| Instructions for the task |
Return the entries below verbatim. Pictures stay out.

☆ ☆ ☆ ☆ ☆

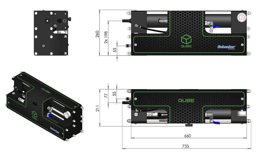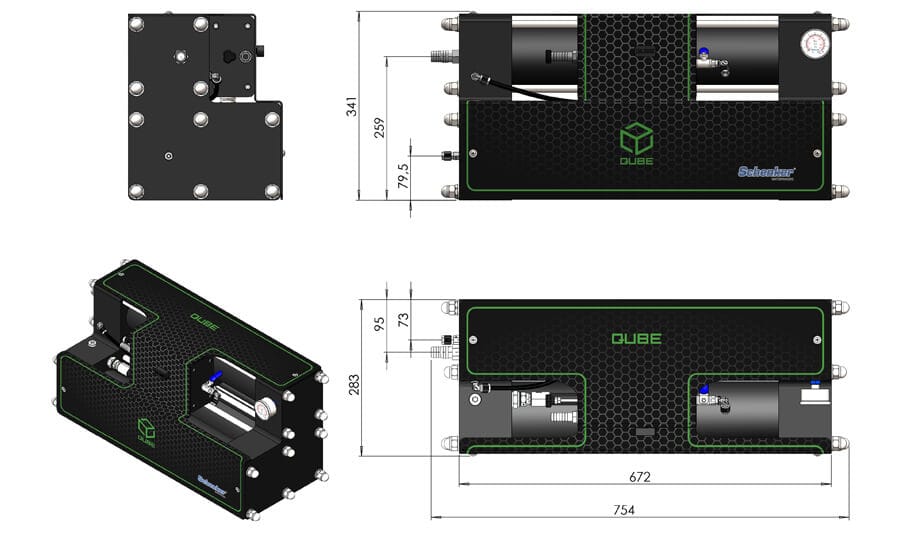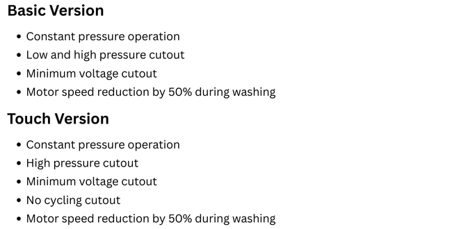 The QUBE uses extremely quiet and reliable brushless electric motors. A sophisticated feedback control automatically adjusts the engine speed based on external parameters, maintaining constant the operating pressure and optimizing the final rinse operations.
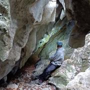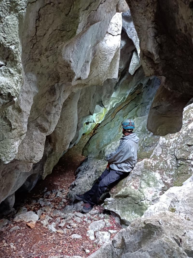 Orifice marquant bien au lidar. Il s'agit d'une faille pénétrable qui atterrit sur un vaste plancher à moins 4m. Les prolongements sont impénétrables. On note que la paroi de la faille est curieusement érodée par l'eau.
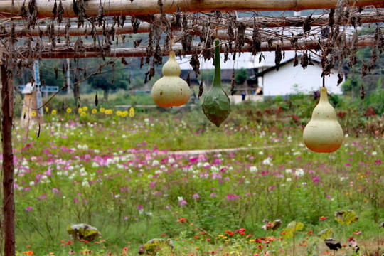 一家葫芦店让我们停下了-----闷葫芦创意......,不得不感慨他们的创意,小小葫芦竟然能把葫芦雕刻成美人鱼、吊篮各式的创意作品。
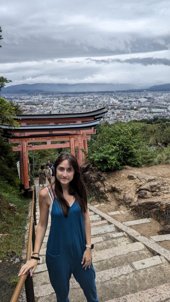 A mitad de camino hay un mirador desde donde hay vistas panorámicas de la ciudad de Kyoto.
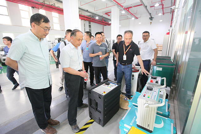 剛剛視察完實(shí)驗(yàn)室建設(shè)情況的國(guó)網(wǎng)電動(dòng)汽車(chē)服務(wù)有限公司副總經(jīng)理賈俊國(guó)觀看了現(xiàn)場(chǎng)測(cè)試。博電科技董事長(zhǎng)陳衛(wèi)向賈總介紹了博電科技在電動(dòng)汽車(chē)及充電設(shè)施檢測(cè)領(lǐng)域的產(chǎn)品情況。
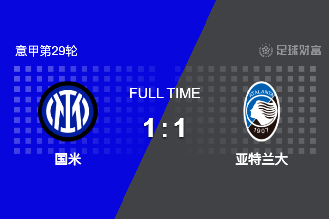 最终全场比赛结束,国米1-1战平亚特兰大。
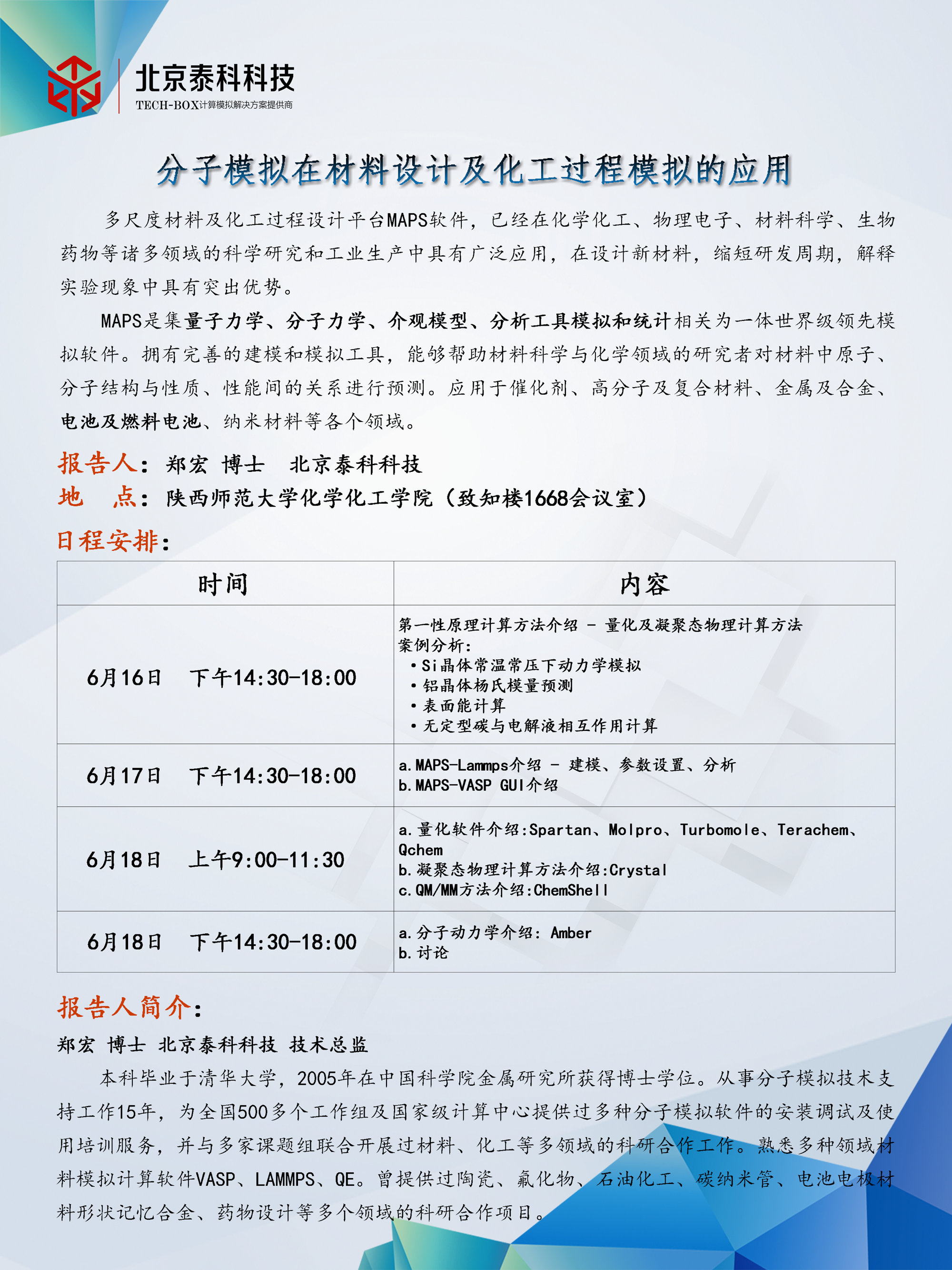 十博(10bet)亚洲官方网站 计算化学和分子模拟共享平台(1768室)已经通过学校的验收,现准备开放运行,定于下周(2020.6.16-2020.6.18)进行分子模拟方面的培训,具体安排见下表,欢迎各位老师和同学积极参加!

☆ ☆ ☆ ☆ ☆

| Response to this task |
 The QUBE uses extremely quiet and reliable brushless electric motors. A sophisticated feedback control automatically adjusts the engine speed based on external parameters, maintaining constant the operating pressure and optimizing the final rinse operations.
 Orifice marquant bien au lidar. Il s'agit d'une faille pénétrable qui atterrit sur un vaste plancher à moins 4m. Les prolongements sont impénétrables. On note que la paroi de la faille est curieusement érodée par l'eau.
 一家葫芦店让我们停下了-----闷葫芦创意......,不得不感慨他们的创意,小小葫芦竟然能把葫芦雕刻成美人鱼、吊篮各式的创意作品。
 A mitad de camino hay un mirador desde donde hay vistas panorámicas de la ciudad de Kyoto.
 剛剛視察完實(shí)驗(yàn)室建設(shè)情況的國(guó)網(wǎng)電動(dòng)汽車(chē)服務(wù)有限公司副總經(jīng)理賈俊國(guó)觀看了現(xiàn)場(chǎng)測(cè)試。博電科技董事長(zhǎng)陳衛(wèi)向賈總介紹了博電科技在電動(dòng)汽車(chē)及充電設(shè)施檢測(cè)領(lǐng)域的產(chǎn)品情況。
 最终全场比赛结束,国米1-1战平亚特兰大。
 十博(10bet)亚洲官方网站 计算化学和分子模拟共享平台(1768室)已经通过学校的验收,现准备开放运行,定于下周(2020.6.16-2020.6.18)进行分子模拟方面的培训,具体安排见下表,欢迎各位老师和同学积极参加!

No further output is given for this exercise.